We live in a world where sex = love, and parties = community. At what point in the history of humanity did we allow God's most precious values get so mistranslated? I don't think that God's idea of community was tipping back the bottle while grinding on the dance floor. The community God was talking about was a community of fellowship, support and love. A community where those giving to charity would actually stop and go to live among those who benefited from charity.
"Jesus was not simply a missionary to the poor. He WAS poor-born a baby refugee from the badlands of Nazareth, wandered the world a homeless rabbi, died the rotten death of insurrectionsts and bandits on the cross, executed by an oppressive empire, buried in a borrowed tomb. Jesus was crucified not for helping poor people but for joining them. That is the Jesus we follow." --The Irresistible Revolution.
The community we should be living in is reflected in Matthew 25 when we read "Lord, when did we see you hungry and feed you, or thirsty and give you something to drink? When did we see you a stranger and invite you in, or needing clothes and clothe you? When did we see you sick or in prison and go to visit you?" Jesus replies with, "Whatever you do for the least of these, you did for me". ---Well...What HAVE WE DONE for the least of these?
"We can volunteer in a social program or distribute excess food and clothing through organizations and never have to open up our homes, our beds, our dinner tables. When we get to heaven, we will be separated into those sheep and goats Jesus talks about in Matthew 25 based on how we cared for the least among us. I'm just not convinced that Jesus is going to say, "When I was hungry, you gave a check to the United Way and they fed me," or "When I was naked, you donated clothes to the Salvation Army and they clothed me." Jesus is not seeking distant acts of charity. He seeks concrete acts of love."--Shane Claiborne in The Irresistible Revolution.
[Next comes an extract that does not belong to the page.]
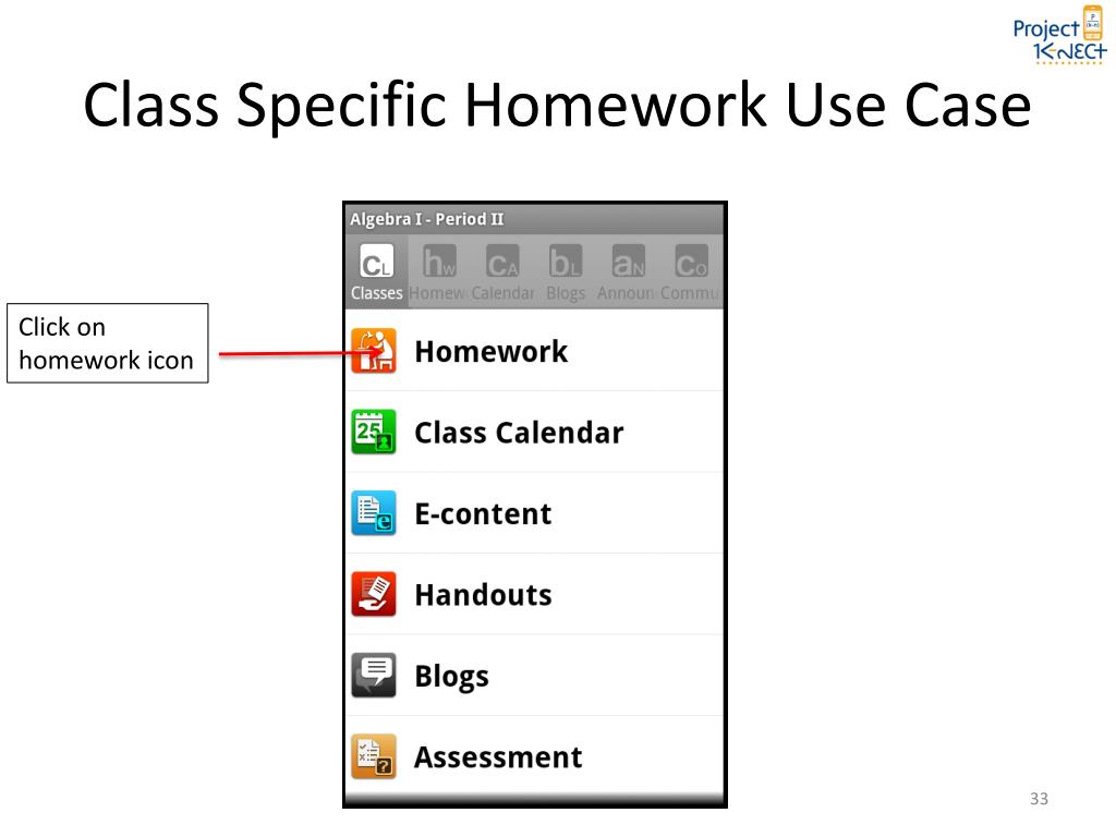K-Nect App Class Page (Algebra I) Displays all assigned homework that is specific to this class Displays only calendar events that are specific to this class. Displays link to content resources that will help students achieve proficiency Displays any specific class handouts provided by the teacher Displays all blogs that are uniquely assigned for the specific class Displays access to any openly assigned assignment tests

Through those direct acts of love, we build a community- an essential Christian community. This sort of thing may not come "right to our fingertips" and it may not be "twice as fast and half the price"....in fact it may take twice as long and be the full price. That same full price that Jesus paid-----our entire life. This sort of community takes passion and devotion like you've never felt before. So, I pray for all the iPhone gurus (and the rest of the world) that we can channel that passion and excitement we have for our technology to a passion and excitement for God's people and community---a community that could use some redefining.